UNSTOPPABLE GORG LEVEL 7 CRACK
Instead of trying to find a rough combination of towers which works, you’re trying to find the single tower which will crack a mission wide open as well as figuring out when exactly to build it. This robs Gorg of what little free-form nature it might have carried over from its tower defence heritage. Consequently, missions where you’re able to build more than five or six offensive towers are incredibly rare.
UNSTOPPABLE GORG LEVEL 7 SERIES
All the game gives you are a few hotspots on a series of orbital rings surrounding whatever you’re trying to keep the aliens away from.
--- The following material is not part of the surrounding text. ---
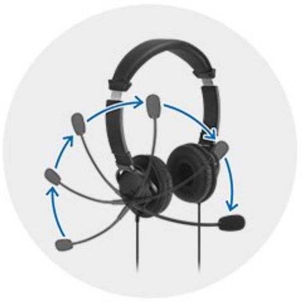 The microphone rotates up to 270°, allowing you to wear it on the left or right side. The volume and mute controls are integrated into the cord for quick and easy access.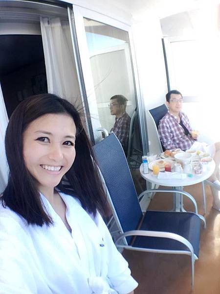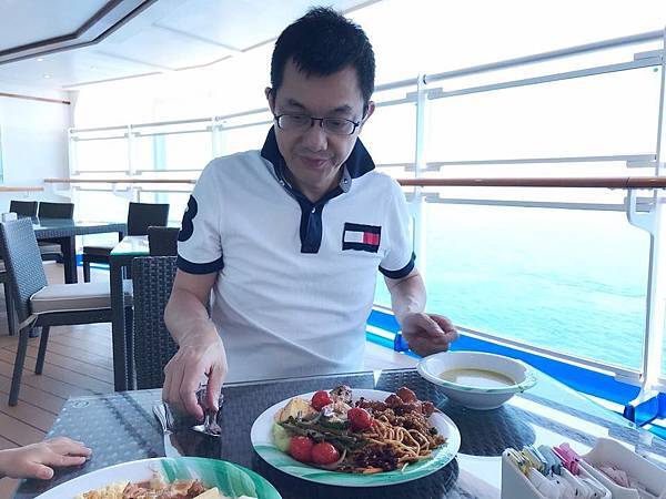 因為還沒靠岸,我們就又悠閒地去吃海景brunch,打算吃飽一點,下船去沖繩7小時玩耍不用吃東西,回船上再吃!

Other tower defence games give you vast swathes of land upon which you can plan and build your defences. How did this happen? It’s down to Unstoppable Gorg’s main gameplay conceit, which is that it is set in space.

All tower defence games have some sort of puzzle element to them, but they’re distinguished from true puzzlers in that they usually give you the freedom to work towards your own solution, Gorg on the other hand can best be described as a puzzle game with some light tower defence elements. I put the puzzler part of the descriptor first because that’s what Unstoppable Gorg is, primarily. Unstoppable Gorg is a puzzler-cum-tower defence game with an awesomely cheesy retro 1950s sci-fi flavour. Right, now that’s out of my system we can get on with the review.